Success in the golf business has also eluded Nike's top rival Adidas, which plans to sell its business that makes TaylorMade and Adams clubs, among other products. Acushnet Holdings Corp., the corporate parent of Titleist and Pinnacle golf balls, recently announced plans for an initial public offering, even though it lost nearly $1 million last year. Also faced with poor sales, Dicks Sporting Goods (DKS) in 2014 fired more than 500 PGA professionals it had employed in its stores.
The picture, though, isn't entirely bleak. Shares of Callaway Golf gained about 4 percent Thursday to close at $11 on expectations that it would benefit from Nike's departure for the golf equipment market. Swartz, who rates Callaway as "buy" estimates that Nike's revenue from golf equipment was between $100 million and $200 million annually -- pocket change for the sporting goods giant which earned more than $30 billion in revenue last.
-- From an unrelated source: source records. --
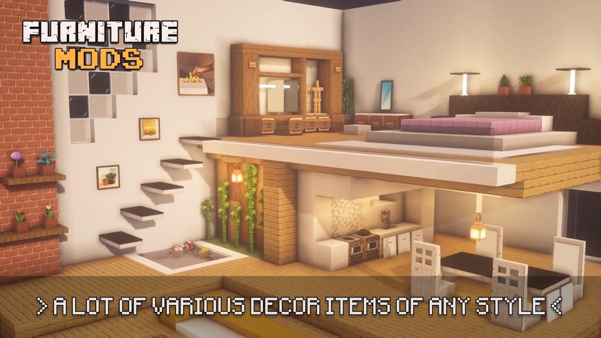 Если вы всегда хотели найти потрясающие моды на мебель для Майнкрафта, то вы пришли по адресу! Моды для MCPE из нашей подборки позволят вам украсить свой дом красивой и элегантной мебелью для MCPE (и Bedrock). Вы найдете огромное разнообразие предметов декора для всех комнат, включая гостиную, ванную, спальню и кухню. Наши моды на мебель в Майнкрафт и аддоны декора для MCPE включают камеры наблюдения, современные инструменты, элементы дизайна интерьера и технику, такую как телевизоры, кровати, стулья, столы, шкафы, компьютеры и ноутбуки и многое другое. Также это приложение включает карты зданий, особняков и современных домов, где вы можете протестировать всю мебель в Майнкрафт ПЕ. Превратите свой дом в мечту и привнесите в игру настоящий опыт мебельного ремесла!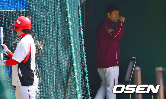 31일 오후 광주 무등구장에서 열리는 '2013 한국야쿠르트 세븐 프로야구' KIA 타이거즈와 넥센 히어로즈의 경기, 경기에 앞서 넥센 선발투수 김병현이 이를 닦으며 KIA 선수들의 타격을 바라보고 있다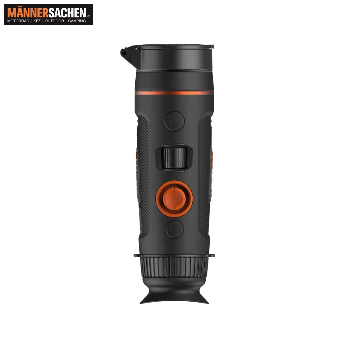 Besonders hervorzuheben sind die präzise Fokussierung über ein Drehrad, die hervorragende Bildqualität dank einer Auflösung von 384x288 Pixeln und 18mk Sensitivität, sowie eine F=0.9 Optik, die bei schlechten Wetterbedingungen ihre Stärken ausspielt.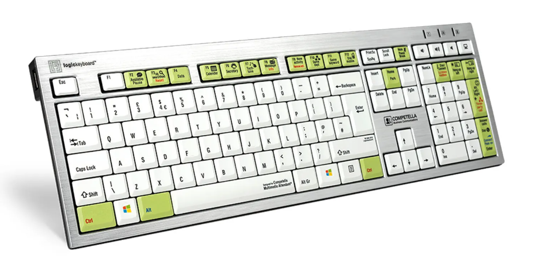 Klávesnica Logickeyboard Competella Multimedia Attendant Telecom (britská angličtina) je farebne označená klávesnica s nízkym profilom určená pre počítače s operačným systémom Windows, na ktorých beží systém Competella Multimedia Attendant. Umožňuje jednoduchý prístup k hovorom, e-mailom, sociálnym sieťam a ďalším úlohám, pričom slúži aj ako štandardná klávesnica na každodenné použitie.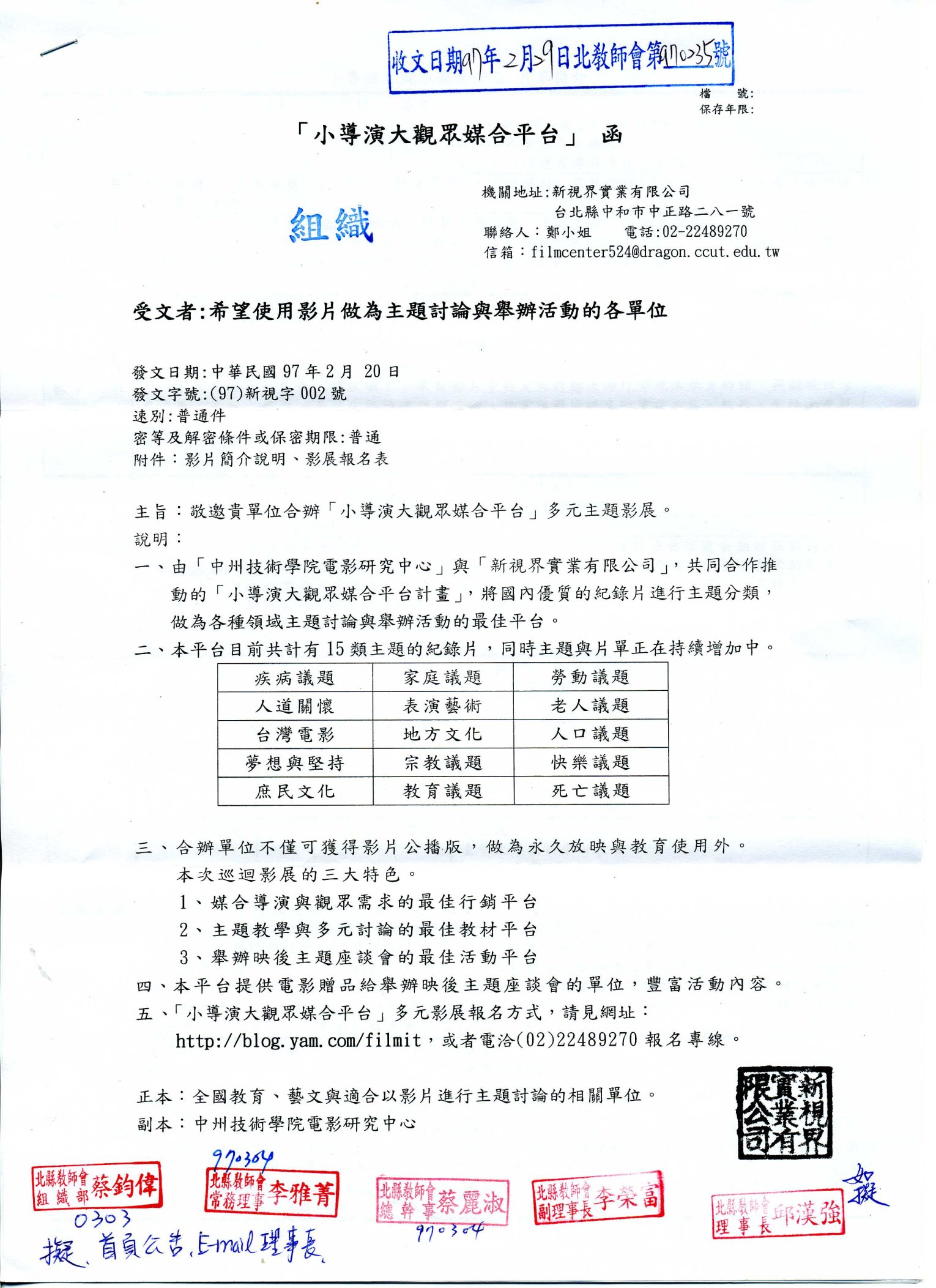 [代轉訊息]轉知「小導演大觀眾媒合平台」多元主題影展

Indeed, golf is Nike's smallest sports business.
"Callaway being one of the industry leaders is best positioned to benefit from their departure," said Rommel Dionisio, an analyst with Wunderlich Securities, who rates Callaway as a "buy" and doesn't officially follow Nike, in an interview. "Nike over the last decade has been particularly aggressive in trying to buy their way into the marketplace through product development through endorsements from premiere golfers" like Rory McIlroy of Northern Ireland.
Callaway, for its part, is bullish on golf's future though it too was forced to undergo cost cutting and layoffs when supplies of golf equipment outstripped demand in recent years. Lately, though, the California company has sounded an upbeat note. During its recent earnings conference call, CEO Oliver Brewer noted the company's U.S. revenue rose 4.3 percent despite "soft" market conditions as it gained market share in both clubs and balls. "I am confident that Callaway Golf is in a much stronger position today than it has been in quite some time," Brewer said.
Callaway, though, will need to appeal to golf's passionate players who love the sport more than any particular player in order to be successful beyond the links.